The expected output is every line of the data exactly as shown, minus the images.

Provided material START

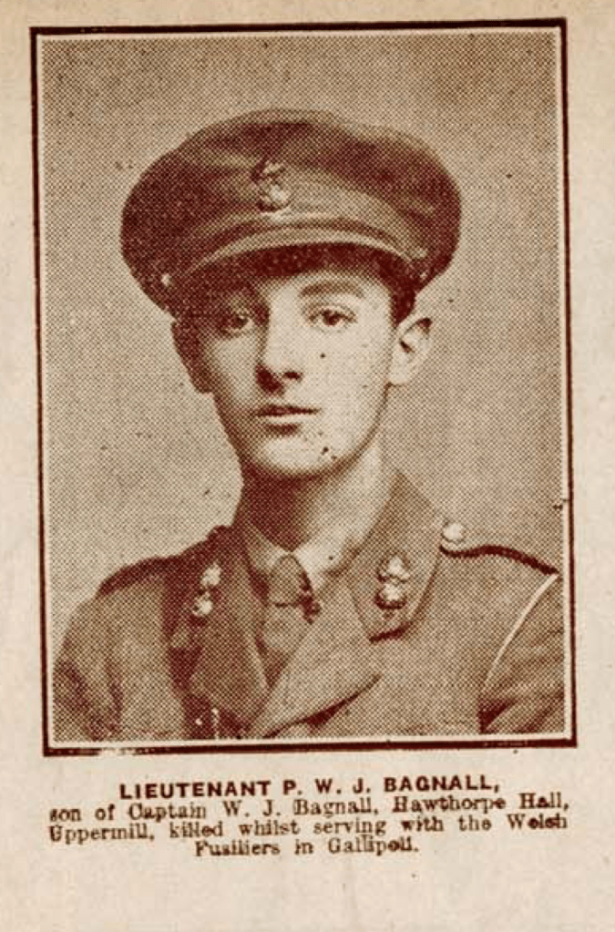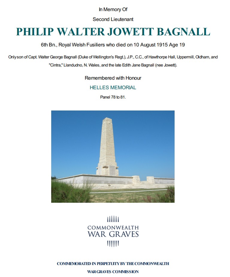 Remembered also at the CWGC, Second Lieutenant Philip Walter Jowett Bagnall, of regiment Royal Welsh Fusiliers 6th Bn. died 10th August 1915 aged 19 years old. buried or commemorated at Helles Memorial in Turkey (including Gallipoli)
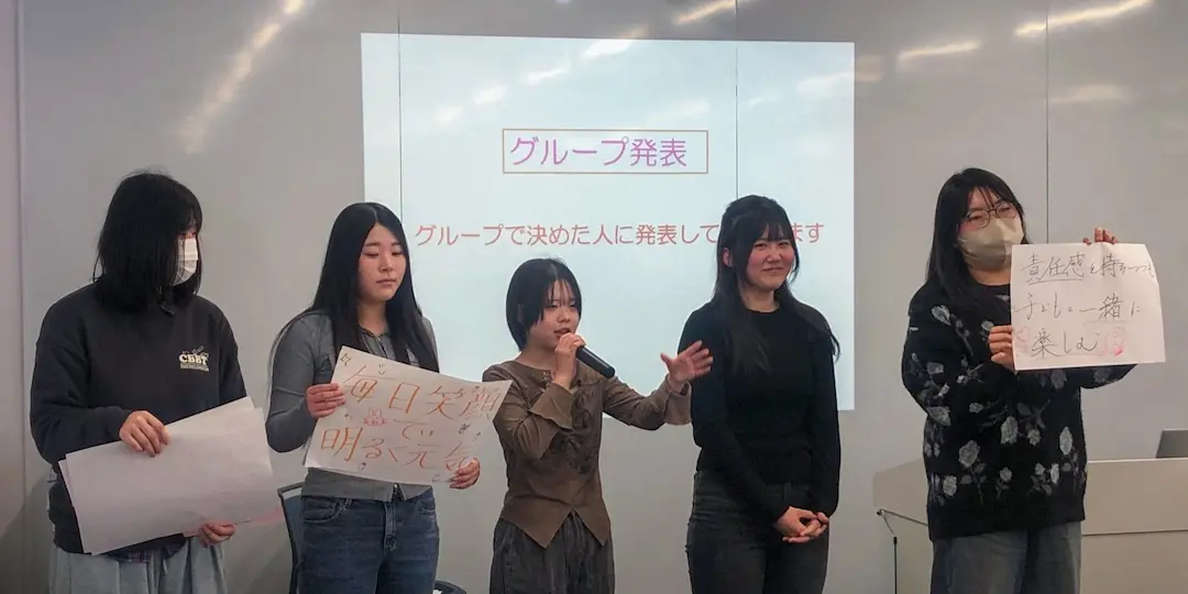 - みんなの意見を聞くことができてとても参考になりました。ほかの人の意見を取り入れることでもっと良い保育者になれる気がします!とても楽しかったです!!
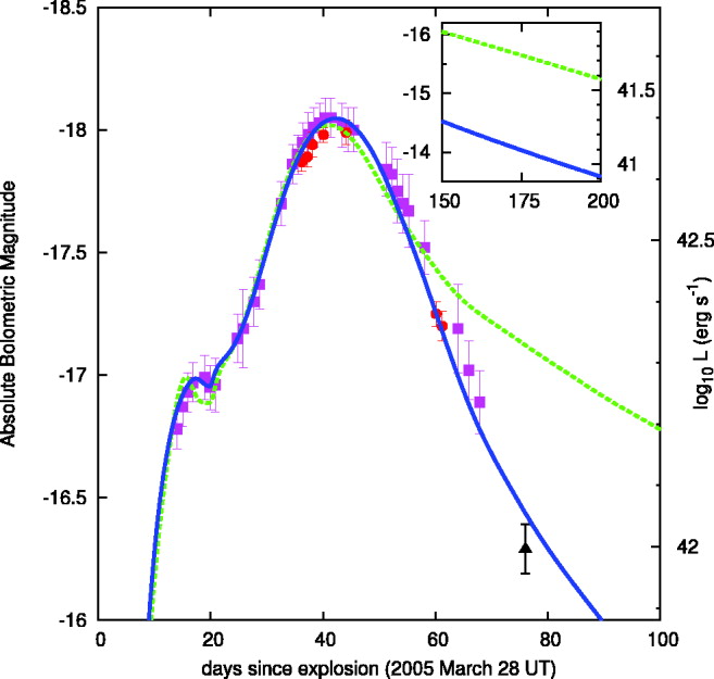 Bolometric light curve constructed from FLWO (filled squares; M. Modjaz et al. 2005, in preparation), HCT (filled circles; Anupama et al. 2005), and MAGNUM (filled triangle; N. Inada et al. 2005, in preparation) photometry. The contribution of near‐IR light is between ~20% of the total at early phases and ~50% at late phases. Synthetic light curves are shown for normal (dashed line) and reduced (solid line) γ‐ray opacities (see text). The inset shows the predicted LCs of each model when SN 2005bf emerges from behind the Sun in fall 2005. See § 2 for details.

Provided material END

▶ Exercise response:
 Remembered also at the CWGC, Second Lieutenant Philip Walter Jowett Bagnall, of regiment Royal Welsh Fusiliers 6th Bn. died 10th August 1915 aged 19 years old. buried or commemorated at Helles Memorial in Turkey (including Gallipoli)
 - みんなの意見を聞くことができてとても参考になりました。ほかの人の意見を取り入れることでもっと良い保育者になれる気がします!とても楽しかったです!!
 Bolometric light curve constructed from FLWO (filled squares; M. Modjaz et al. 2005, in preparation), HCT (filled circles; Anupama et al. 2005), and MAGNUM (filled triangle; N. Inada et al. 2005, in preparation) photometry. The contribution of near‐IR light is between ~20% of the total at early phases and ~50% at late phases. Synthetic light curves are shown for normal (dashed line) and reduced (solid line) γ‐ray opacities (see text). The inset shows the predicted LCs of each model when SN 2005bf emerges from behind the Sun in fall 2005. See § 2 for details.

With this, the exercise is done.